I am taking the lowest effective doses of my medications for bipolar disorder and they are working well: 200 mg. Lamictal and 100 mg. Seroquel. I have no complaints about side effects besides having to sleep a little bit more than I would like. It is much better than struggling with insomnia, psychosis, and mood instability as I have in the past though. When I think about the days when I was heavily medicated, being on such low doses of medications and doing well seems like a miracle. I also take the following supplements: a multivitamin, fish oil, vitamin D-3, and biotin. I take them because I believe they contribute to my overall wellness.

I stick to a routine. I have a regular bedtime and wake time. I believe that prioritizing quality sleep is the most important habit that keeps me well. I take my Lamictal and Seroquel between 8 and 9 p.m. and usually fall asleep between 10 and 11 p.m. I wake up at 7 a.m. on work days.
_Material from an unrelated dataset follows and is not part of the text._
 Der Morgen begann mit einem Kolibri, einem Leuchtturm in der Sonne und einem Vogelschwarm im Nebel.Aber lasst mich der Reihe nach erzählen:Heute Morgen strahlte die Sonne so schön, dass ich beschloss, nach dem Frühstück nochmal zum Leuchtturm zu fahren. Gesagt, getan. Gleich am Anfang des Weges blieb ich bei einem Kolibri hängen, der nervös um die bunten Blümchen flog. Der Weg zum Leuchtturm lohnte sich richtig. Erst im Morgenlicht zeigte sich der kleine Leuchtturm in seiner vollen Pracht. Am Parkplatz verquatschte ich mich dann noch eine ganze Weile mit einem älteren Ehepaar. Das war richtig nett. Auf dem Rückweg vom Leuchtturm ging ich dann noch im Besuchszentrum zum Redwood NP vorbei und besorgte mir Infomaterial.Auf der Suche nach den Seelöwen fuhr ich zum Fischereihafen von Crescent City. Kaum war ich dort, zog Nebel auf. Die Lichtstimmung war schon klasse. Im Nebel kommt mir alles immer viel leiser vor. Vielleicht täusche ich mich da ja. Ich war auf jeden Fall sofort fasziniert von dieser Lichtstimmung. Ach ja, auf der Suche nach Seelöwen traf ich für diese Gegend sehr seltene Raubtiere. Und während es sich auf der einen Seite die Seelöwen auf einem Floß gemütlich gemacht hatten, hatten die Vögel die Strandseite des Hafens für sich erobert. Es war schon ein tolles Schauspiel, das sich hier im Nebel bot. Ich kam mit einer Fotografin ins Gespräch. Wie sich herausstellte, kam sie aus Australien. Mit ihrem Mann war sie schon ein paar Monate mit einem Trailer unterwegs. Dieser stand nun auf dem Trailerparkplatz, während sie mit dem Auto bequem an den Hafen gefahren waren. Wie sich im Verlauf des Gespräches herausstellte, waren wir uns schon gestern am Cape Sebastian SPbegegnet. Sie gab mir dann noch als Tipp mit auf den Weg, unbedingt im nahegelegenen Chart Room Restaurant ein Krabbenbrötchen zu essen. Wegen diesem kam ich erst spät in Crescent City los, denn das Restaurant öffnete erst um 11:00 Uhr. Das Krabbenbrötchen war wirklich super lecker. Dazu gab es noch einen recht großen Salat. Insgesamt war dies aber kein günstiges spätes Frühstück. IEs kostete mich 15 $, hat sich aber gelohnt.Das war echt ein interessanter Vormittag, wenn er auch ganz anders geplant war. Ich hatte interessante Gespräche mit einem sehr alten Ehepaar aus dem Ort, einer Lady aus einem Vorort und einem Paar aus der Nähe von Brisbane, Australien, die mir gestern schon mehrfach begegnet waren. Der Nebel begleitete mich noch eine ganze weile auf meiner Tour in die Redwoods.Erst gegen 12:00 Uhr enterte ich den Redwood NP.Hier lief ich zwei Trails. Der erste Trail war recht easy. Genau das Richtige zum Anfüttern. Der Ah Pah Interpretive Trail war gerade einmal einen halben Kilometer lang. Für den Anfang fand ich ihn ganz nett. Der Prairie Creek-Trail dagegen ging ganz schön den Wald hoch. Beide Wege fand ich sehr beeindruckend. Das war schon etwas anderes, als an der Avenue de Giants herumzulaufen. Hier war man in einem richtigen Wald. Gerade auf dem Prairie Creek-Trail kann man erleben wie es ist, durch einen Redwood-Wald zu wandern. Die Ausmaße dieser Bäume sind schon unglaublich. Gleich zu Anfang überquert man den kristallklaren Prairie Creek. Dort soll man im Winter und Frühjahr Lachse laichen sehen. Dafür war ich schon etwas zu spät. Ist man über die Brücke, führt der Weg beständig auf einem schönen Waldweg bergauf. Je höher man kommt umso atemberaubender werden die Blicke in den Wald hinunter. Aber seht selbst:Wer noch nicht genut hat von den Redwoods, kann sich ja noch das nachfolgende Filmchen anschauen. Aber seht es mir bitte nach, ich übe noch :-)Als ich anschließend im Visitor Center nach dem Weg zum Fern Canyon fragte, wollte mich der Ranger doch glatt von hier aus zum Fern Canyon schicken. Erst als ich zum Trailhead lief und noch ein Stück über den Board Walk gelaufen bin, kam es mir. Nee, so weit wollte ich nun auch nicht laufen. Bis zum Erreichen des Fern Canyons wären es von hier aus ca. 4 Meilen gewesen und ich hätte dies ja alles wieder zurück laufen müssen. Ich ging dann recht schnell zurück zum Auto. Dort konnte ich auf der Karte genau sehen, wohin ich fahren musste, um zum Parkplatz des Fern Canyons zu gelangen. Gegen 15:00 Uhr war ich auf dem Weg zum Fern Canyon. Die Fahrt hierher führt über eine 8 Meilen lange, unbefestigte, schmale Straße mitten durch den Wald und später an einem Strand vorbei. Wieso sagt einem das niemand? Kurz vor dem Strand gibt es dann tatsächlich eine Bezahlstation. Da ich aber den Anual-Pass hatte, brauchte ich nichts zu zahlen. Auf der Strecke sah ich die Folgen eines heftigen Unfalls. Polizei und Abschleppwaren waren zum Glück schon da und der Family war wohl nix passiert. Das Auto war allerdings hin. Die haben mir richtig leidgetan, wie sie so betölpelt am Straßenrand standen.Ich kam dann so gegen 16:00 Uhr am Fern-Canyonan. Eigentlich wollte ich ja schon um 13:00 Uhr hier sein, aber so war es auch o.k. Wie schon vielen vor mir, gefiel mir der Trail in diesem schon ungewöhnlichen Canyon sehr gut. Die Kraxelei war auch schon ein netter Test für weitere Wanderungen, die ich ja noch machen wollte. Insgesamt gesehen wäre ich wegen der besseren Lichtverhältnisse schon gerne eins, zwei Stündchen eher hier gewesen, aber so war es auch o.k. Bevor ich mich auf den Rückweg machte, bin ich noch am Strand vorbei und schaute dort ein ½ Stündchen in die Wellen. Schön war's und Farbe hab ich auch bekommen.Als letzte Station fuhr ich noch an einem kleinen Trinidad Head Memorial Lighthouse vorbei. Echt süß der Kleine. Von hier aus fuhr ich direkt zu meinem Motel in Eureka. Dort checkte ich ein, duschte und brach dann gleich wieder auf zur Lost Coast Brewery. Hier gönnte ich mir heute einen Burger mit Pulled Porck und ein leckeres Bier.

I usually stick to the same routine on the weekends, but I occasionally stay out late with friends. Staying out late always requires sleeping late the next day because, with my medication, I always need 8-9 hours of sleep to feel rested.

I exercise every day. On Mondays, Wednesdays, and Fridays, I do a full-body strength training routine using dumbbells and a kettlebell. I have realized that I feel much better when I feel strong. Lifting weights also helps me to sleep much better. On the days that I don't lift weights, I at least take a walk, but I also enjoy cycling, hiking, and swimming.
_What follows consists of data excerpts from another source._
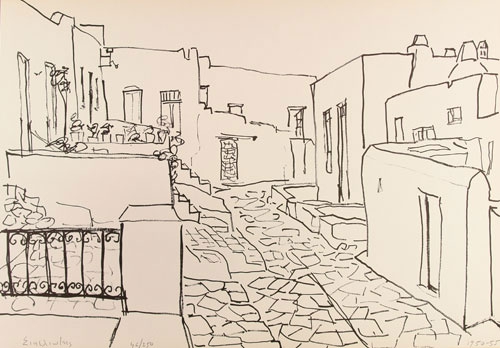 A paved road is depicted in the center of the composition. To the left and right it is surrounded by low buildings with terraces and steps. A metal railing can be seen on the left.
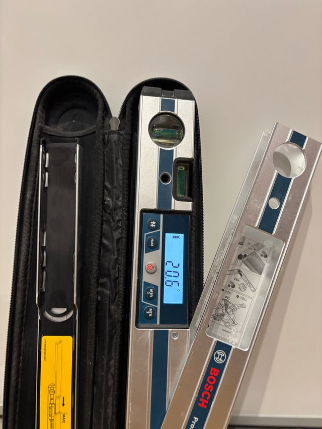 Detalles del productoBosch profesional, medidor digital de ángulos GAM 220 MF ( Cálculo de ángulos de Inglete, margen de medición de 0° a 220° longitud 40cm. Abierto a 180° 80cm de nivel por que también tiene burbuja y puede usarse como nivel vertical u horizontal. IP54
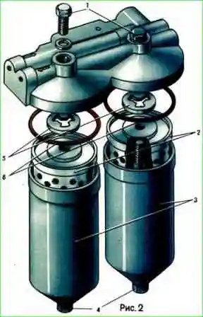 Выверните сливные пробки 4 (рис. 2), слейте топливо из фильтров в посуду, вверните пробки.
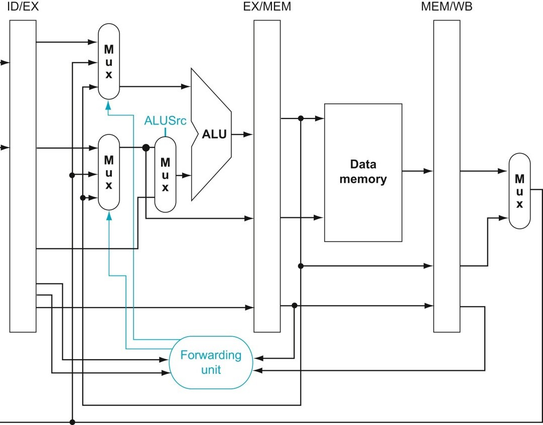 • SUGGESTION: connect some outputs from the MEM_WB pipeline stage register and from the ID_EX pipeline stage register to determine whether the hazard exists, then create an output that will control a mux to use forwarded data (from MEM_WB) or the standard data from the EX cycle.
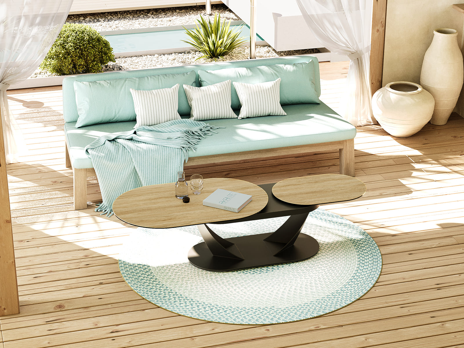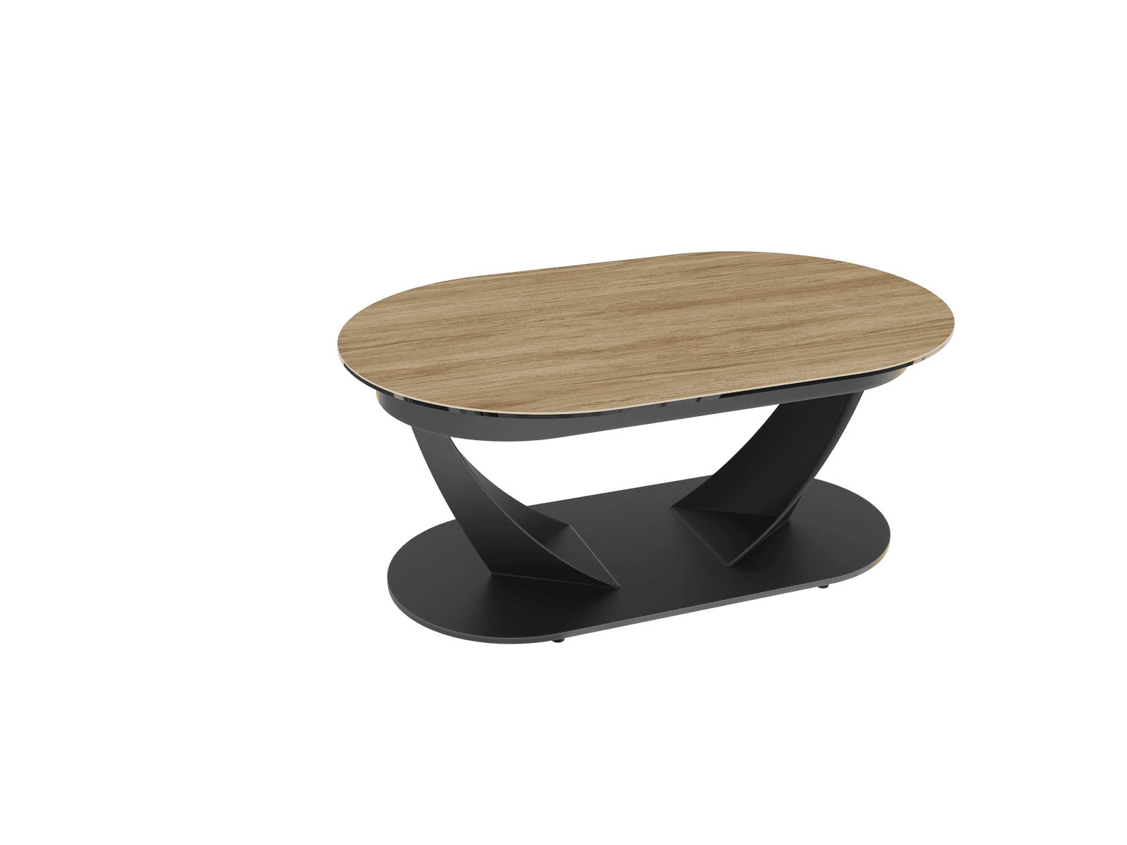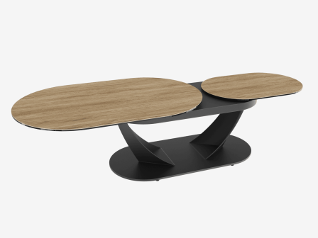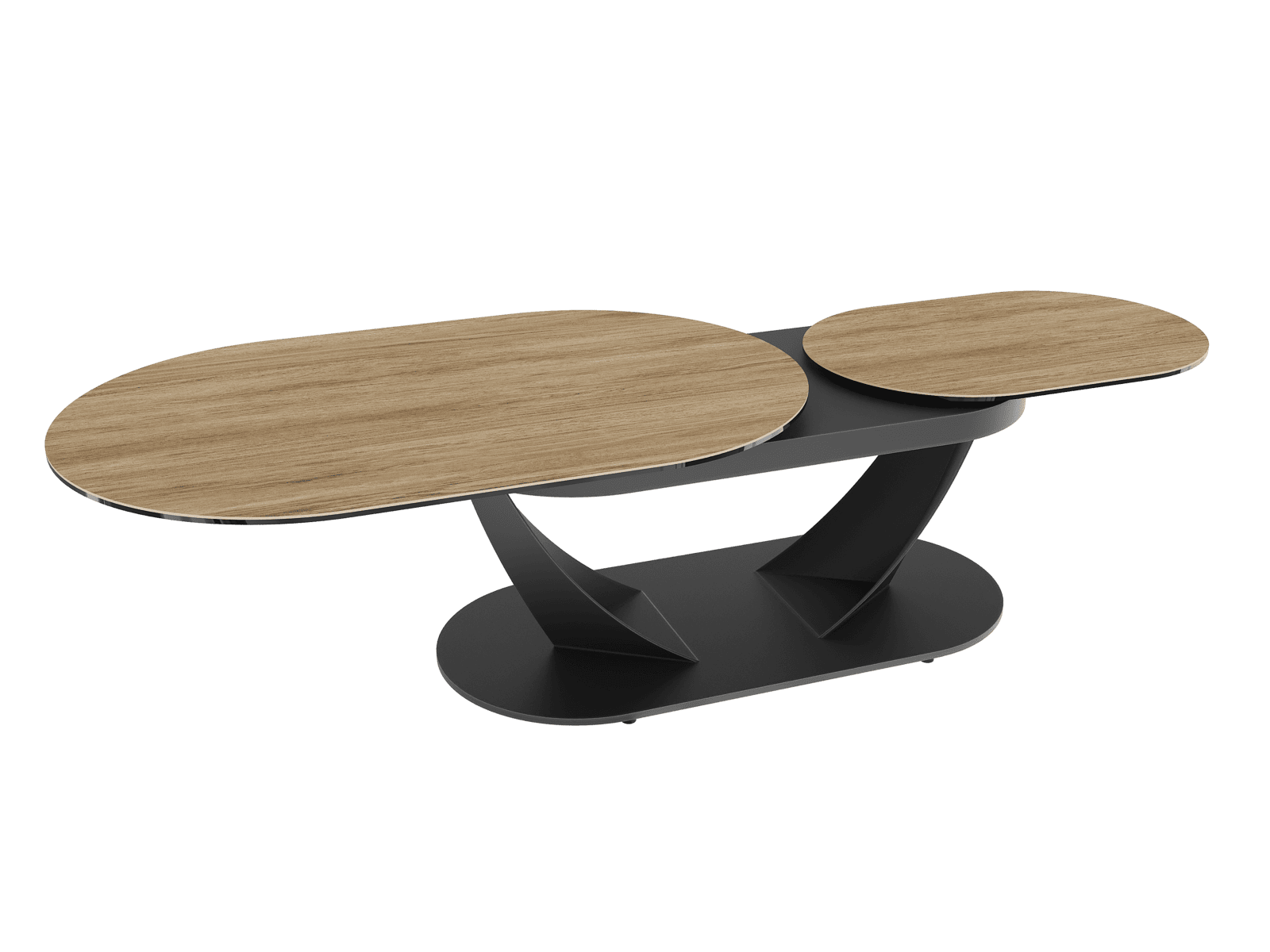 Singulière et astucieuse, cette table basse est équipée de deux plateaux ovales pivotants à 360°. Ceux-ci se replient sur eux-mêmes pour optimiser l’espace. La céramique Chêne Clair s’harmonise parfaitement avec la structure en acier laqué noir mat. Celle-ci se compose de deux bras incurvés et symétriques, également réalisés en acier laqué noir mat. Les plateaux sont fabriqués en céramique de 3 mm, collée sur un verre de 6 mm. Une fois entièrement déployée, la surface atteint 160 x 60 cm.

I make time to spend time with friends and family. I am also friendly with my neighbors and people I encounter while out running errands and shopping. Having good relationships with people in my community is important to me. I eat well, limit my caffeine intake, and drink lots of water. I have made a Wellness Recovery Action Plan, and I follow it. I meditate twice a day -- in the morning and at night. I also take deep breaths as needed. I never realized how much these habits would help me until I incorporated them into my life. I go to therapy once a week. My therapist is encouraging and helpful and understands the challenges I face living with bipolar disorder. This kind of support helps me stay motivated to stay well.

Staying well is fairly simple, but it takes attention to detail and commitment. Doing all of these things regularly and keeping a routine is what keeps me well. Life is good. The things I am currently working on to improve my life are losing weight and decluttering my home, and these things are much easier to focus on when I am well.